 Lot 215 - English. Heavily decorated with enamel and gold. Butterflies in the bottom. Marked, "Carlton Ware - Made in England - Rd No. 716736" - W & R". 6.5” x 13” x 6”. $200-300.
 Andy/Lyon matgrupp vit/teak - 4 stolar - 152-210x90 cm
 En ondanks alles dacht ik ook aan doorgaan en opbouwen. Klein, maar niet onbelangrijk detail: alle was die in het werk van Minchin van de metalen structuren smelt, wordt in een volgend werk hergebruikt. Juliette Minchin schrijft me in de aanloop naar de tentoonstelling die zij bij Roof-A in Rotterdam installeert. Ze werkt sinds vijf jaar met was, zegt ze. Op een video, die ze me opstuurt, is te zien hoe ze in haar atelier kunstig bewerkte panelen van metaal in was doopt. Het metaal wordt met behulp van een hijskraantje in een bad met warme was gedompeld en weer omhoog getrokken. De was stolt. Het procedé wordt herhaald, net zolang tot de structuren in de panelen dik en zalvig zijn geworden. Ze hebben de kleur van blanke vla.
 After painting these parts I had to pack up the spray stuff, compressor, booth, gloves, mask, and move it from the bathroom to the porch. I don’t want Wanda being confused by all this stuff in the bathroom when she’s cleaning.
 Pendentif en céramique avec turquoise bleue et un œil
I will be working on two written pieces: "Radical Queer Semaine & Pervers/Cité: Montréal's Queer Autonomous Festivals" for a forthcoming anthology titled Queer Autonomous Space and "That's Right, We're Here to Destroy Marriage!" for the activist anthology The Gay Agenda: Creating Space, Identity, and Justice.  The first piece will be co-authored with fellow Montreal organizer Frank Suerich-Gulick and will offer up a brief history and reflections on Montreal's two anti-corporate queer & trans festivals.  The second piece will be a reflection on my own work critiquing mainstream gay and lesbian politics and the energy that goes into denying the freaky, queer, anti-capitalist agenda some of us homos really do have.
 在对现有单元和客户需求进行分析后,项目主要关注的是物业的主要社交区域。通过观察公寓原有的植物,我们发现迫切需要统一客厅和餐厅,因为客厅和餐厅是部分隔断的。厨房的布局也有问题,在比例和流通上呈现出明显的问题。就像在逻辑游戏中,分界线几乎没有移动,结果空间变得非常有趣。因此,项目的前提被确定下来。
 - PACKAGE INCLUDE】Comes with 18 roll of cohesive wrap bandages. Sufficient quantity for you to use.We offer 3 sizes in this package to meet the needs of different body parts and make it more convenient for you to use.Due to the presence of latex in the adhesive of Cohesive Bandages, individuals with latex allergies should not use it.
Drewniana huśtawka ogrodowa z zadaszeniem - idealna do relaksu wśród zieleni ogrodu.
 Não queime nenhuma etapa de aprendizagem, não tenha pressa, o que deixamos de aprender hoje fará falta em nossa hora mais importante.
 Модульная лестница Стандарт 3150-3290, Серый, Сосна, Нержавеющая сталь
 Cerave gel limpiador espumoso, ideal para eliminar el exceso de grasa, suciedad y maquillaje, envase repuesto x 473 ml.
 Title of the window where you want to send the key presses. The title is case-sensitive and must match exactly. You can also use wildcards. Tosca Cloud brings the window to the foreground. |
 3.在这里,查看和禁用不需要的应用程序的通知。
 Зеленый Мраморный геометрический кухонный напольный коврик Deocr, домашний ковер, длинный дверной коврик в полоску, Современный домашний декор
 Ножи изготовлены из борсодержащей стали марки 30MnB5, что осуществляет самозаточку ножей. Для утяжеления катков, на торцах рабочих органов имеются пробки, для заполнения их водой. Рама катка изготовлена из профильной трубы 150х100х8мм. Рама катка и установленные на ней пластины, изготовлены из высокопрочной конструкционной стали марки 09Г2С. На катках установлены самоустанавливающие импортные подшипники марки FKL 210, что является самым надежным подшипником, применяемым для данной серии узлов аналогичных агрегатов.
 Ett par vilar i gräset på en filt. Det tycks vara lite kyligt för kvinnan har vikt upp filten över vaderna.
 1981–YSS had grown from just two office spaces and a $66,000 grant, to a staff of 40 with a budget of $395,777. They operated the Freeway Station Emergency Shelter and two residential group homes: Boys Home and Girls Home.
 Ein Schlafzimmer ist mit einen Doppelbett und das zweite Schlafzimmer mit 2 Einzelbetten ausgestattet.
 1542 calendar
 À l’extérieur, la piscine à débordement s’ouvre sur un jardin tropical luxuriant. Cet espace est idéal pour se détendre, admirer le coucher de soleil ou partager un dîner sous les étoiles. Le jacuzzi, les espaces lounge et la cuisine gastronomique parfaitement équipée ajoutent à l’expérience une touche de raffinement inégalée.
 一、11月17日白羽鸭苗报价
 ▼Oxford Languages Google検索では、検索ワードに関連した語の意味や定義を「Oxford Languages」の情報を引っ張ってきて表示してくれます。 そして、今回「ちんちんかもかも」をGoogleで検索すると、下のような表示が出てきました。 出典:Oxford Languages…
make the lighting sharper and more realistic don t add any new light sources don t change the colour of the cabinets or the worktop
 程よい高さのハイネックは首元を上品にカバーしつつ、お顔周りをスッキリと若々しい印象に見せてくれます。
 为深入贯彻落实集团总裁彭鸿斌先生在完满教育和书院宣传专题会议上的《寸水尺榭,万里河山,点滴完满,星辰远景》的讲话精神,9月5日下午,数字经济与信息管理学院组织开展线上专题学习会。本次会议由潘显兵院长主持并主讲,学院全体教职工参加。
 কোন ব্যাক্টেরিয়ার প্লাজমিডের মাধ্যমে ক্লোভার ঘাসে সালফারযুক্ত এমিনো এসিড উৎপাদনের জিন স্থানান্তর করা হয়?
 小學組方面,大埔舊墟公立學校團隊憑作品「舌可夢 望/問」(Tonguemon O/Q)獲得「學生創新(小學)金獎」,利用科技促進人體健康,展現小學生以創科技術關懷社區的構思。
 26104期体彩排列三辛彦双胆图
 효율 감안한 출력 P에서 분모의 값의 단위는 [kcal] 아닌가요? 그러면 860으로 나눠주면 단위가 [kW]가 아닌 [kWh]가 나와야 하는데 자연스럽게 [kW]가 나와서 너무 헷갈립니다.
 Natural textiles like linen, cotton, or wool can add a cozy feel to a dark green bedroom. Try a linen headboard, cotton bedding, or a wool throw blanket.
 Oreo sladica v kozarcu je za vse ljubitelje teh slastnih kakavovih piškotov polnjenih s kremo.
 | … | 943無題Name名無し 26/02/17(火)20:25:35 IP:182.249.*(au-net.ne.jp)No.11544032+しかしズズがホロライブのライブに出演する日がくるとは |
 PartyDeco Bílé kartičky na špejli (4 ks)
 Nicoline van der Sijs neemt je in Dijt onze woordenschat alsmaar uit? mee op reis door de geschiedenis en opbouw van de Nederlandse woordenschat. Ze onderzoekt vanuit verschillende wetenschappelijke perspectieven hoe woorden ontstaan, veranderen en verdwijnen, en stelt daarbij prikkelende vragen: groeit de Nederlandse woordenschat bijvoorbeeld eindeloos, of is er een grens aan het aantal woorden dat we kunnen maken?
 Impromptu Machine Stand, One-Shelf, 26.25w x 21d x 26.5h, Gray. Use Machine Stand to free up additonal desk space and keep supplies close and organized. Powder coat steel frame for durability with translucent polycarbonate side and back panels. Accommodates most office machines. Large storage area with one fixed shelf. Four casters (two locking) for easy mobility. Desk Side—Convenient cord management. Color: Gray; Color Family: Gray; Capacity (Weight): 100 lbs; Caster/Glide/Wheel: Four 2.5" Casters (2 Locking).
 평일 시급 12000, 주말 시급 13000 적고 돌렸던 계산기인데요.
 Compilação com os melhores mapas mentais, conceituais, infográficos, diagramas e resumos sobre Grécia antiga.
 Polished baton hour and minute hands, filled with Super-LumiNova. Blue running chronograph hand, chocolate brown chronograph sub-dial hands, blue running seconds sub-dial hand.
===
* [Your instructions]: Set down again, word for word, the stretch of records from the line with "After painting these" to the line with "Pendentif en céramique", both of those lines included.

* [Task answer]:
 After painting these parts I had to pack up the spray stuff, compressor, booth, gloves, mask, and move it from the bathroom to the porch. I don’t want Wanda being confused by all this stuff in the bathroom when she’s cleaning.
 Pendentif en céramique avec turquoise bleue et un œil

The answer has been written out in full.